Here’s what Redditors had to say:

Most people didn’t see this as a gray area. They pointed out that leaving the house unlocked puts everyone at risk, not just the person who forgot their keys.

DescriptionFew6118 − Nta. Leave home when he does and be gone for a long time. Or even overnight. Maybe he’ll learn then.

Whole_Series2416 − NTA Having the home unlocked so much is exposing you to crimes of opportunity. You are gonna have someone invade your house.

LTP_USA − NTA. Tell him to put his house key on a necklace and to wear the dang thing around his neck. If he's going to act like a 5-year-old,...

And as others have said, be unavailable for an extensive period of time and no one can let him in.

He's putting you, your other roommate, and all your belongings at risk.

No rental insurance would cover losses if you left your house unsecured.

Others suggested a simple solution. Stop letting him in immediately.

NotThisAgain234 − NTA. If someone repeatedly put me at risk of having crackheads invade my home they can park their ass on the porch until hell freezes over for all...

frlejo − Let him stay locked out for a while.

celticmusebooks − I'm asking this as kindly as possible. Is your roommate neurodivergent or impaired in someway?

Most people have the intelligence/good sense to lock up when they leave and take their key with them.

If you are there-- let him cool his heels outside for ten minutes then let him in.

Tell him you didn't hear him knock or were in the shower or on the phone.

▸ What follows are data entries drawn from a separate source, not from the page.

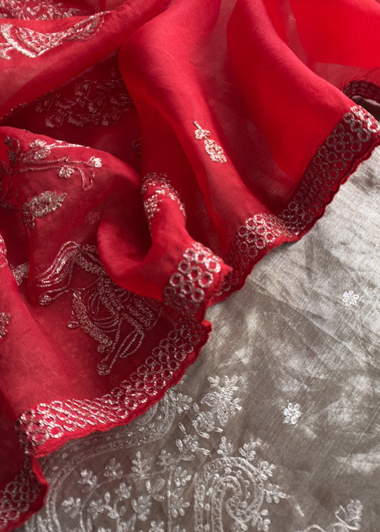 Luxe Golden Red Dulhan Handloom Tissue Silk Kurta And Kora Silk Dupatta With Pitta Hand Work
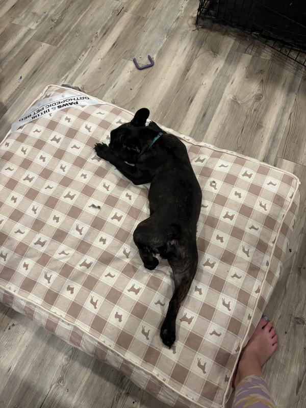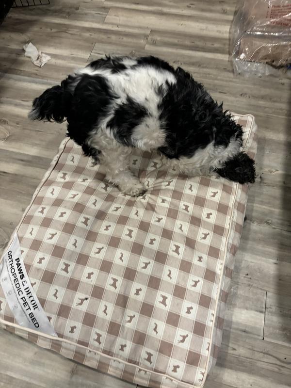 This bed is a hit! Comfortable for both small and large dogs. Easy to remove the cover for washing. Not too heavy so it is easy to pick up and move into other rooms. Definitely would recommend this product!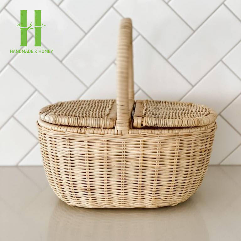 ตะกร้าปิกนิกหวายสานมือคุณภาพพรีเมียม ขายดี ราคาถูก สำหรับขายส่ง อุปกรณ์ตั้งแคมป์ ตะกร้าใส่ของ จากเวียดนาม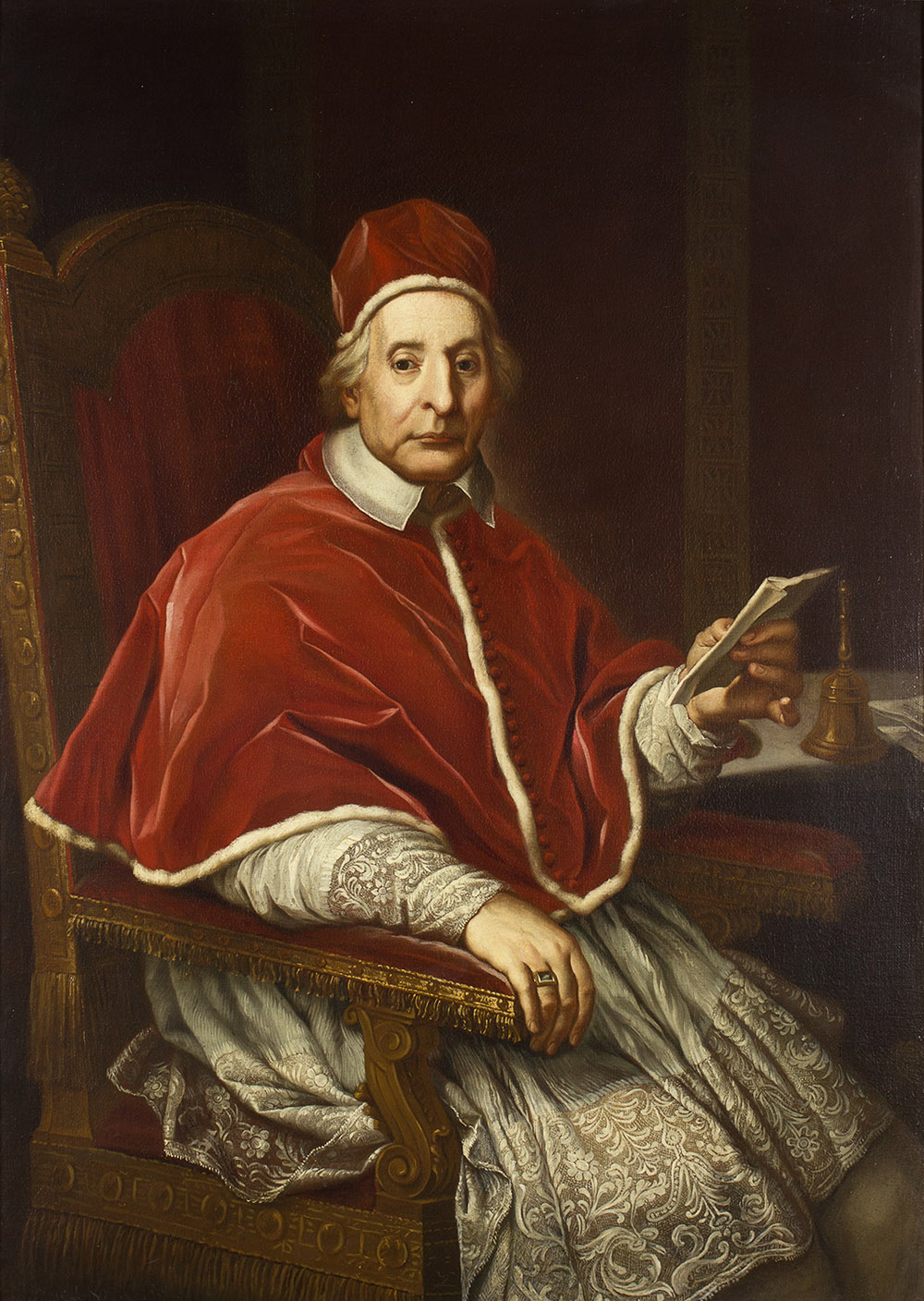 da Agostino Masucci Ritratto di papa Clemente XII Corsini Olio su tela, cm. 127 x 92 L’opera è da ritenere una copia coeva di un medesimo ritratto di papa Clemente XII Corsini di Agostino Masucci, in ubicazione privata sconosciuta, noto anche in una seconda versione appartenuta all’antiquario romano Mario Bigetti dove accanto al pontefice compariva anche il cardinal Corsini (Fototeca Zeri, scheda 61366, busta 0575, fasc.1). La qualità della nostra versione, come lo stato di conservazione, è buona, tanto da potersi ipotizzare una provenienza dalla stessa bottega del Masucci.

Each time he repeats the bad behavior you need to extend the time he's locked out.

Surely you don't come back home when he locks himself out? If you do you need to stop that.

A few comments leaned a bit more creative, like suggesting he wear his key on a necklace if he can’t be trusted to carry it.

WriterSecure3714 − NTA. That's literally what house keys are for. I would stop opening the door for him, maybe he'll learn then.

Alternatively, he could get a spare key cut to keep in his sister's car.

WinEquivalent4069 − He's 23 and needs to learn to take his keys or risk getting locked out. NTA.

fIumpf − Stop reminding. Stop answering his texts to be let back in. You’re enabling and he needs to learn.

DJ_NY_Supreme − NTA. This is a sure fire way to compromise you and the other roommate's safety and give anyone easy access to rob the home.

This guy is a grown man, y’all shouldn’t have to act like his parents and tell him to take his keys before leaving

In the end, this situation isn’t really about keys. It’s about respect.

When you live with other people, your habits affect them whether you mean them to or not. Ignoring that doesn’t make it disappear. It just shifts the burden.

Asking someone to take their keys when they leave the house shouldn’t be a recurring conversation.

So the real question isn’t whether the request was reasonable.

It’s whether continuing to fix the problem for him is.